Schon im Mai hatte das BSI ebenso wie Microsoft gewarnt und zum Einspielen der bereits verfügbaren Sicherheitsupdates aufgerufen. Zwar sei eine aktive Ausnutzung der Schwachstelle bislang nicht bekannt, die Behörde beobachtet jedoch die Entwicklung sogenannter Exploits, die es ermöglichen könnten, die Schwachstelle auszunutzen und warnt daher erneut Unternehmen, Institutionen und Behörden.

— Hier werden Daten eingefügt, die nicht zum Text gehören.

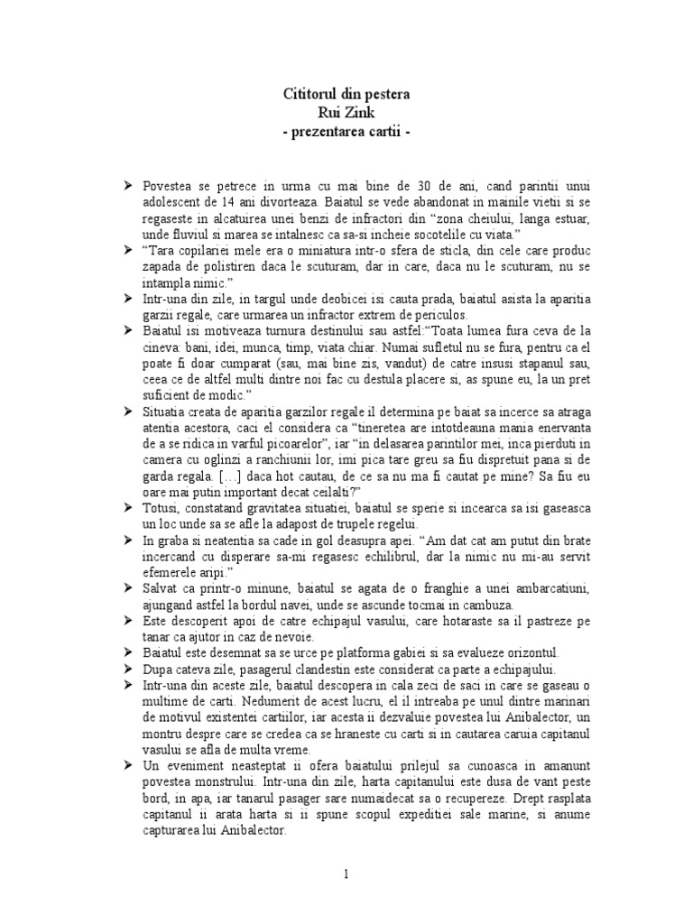 Report rui zink cititorul din pestera please fill this form we will try to respond as soon as possible. Cititorul din peșteră este titlul unui microroman scris de rui zink și face parte din literatura contemporană. Humanitas ce se întâmplă atunci când un profesor de literatură care a ştiut să se facă îndrăgit de studenţii săi şi care a citit probabil un munte de cărţi decide să îşi încerce şi talentul la scris. Puteti gasi foarte multe referate accesand categoriile din partea dreapta despre rezumat cititorul din pestera de rui zink.

Allein in Deutschland mindestens 14.000 verwundbare Rechner
Weltweit seien zuletzt noch mindestens rund eine Million direkt mit dem Internet verbundene Systeme für Bluekeep anfällig gewesen. In Deutschland schätzt das BSI die Zahl unmittelbar verwundbarer Computer aktuell auf mindestens 14.000. Es müsse davon ausgegangen werden, dass sich dahinter eine Vielzahl an gefährdeten Rechnern verbirgt, die nicht direkt an das Internet angeschlossen sind, etwa in Unternehmensnetzwerken. Diese werden bei einer wurmartigen Ausbreitung verwundbar, sobald ein einziger Server betroffen ist, der sowohl über das Internet als auch das interne Netzwerk erreichbar ist, so das BSI.
BSI warnt vor enormen Schadenspotenzial
"Wir haben es hier mit einer außergewöhnlichen Schwachstelle mit enormen Schadenspotenzial zu tun. Noch haben alle Unternehmen und Organisationen die Gelegenheit, sich wirksam vor einem Cyber-Angriff zu schützen und ein Krisenszenario zu vermeiden. Die Erfahrungen mit WannaCry und NotPetya haben gezeigt, dass es 2017 trotz verfügbarer Schutzmechanismen eine viel zu hohe Zahl verwundbarer Systeme gab, die innerhalb weniger Wochen angegriffen wurden. Deshalb weisen wir nun erneut und ausdrücklich auf diese Schwachstelle hin und rufen Windows-Anwender auf, die verfügbaren IT-Sicherheitsmaßnahmen umzusetzen", so BSI-Präsident Arne Schönbohm.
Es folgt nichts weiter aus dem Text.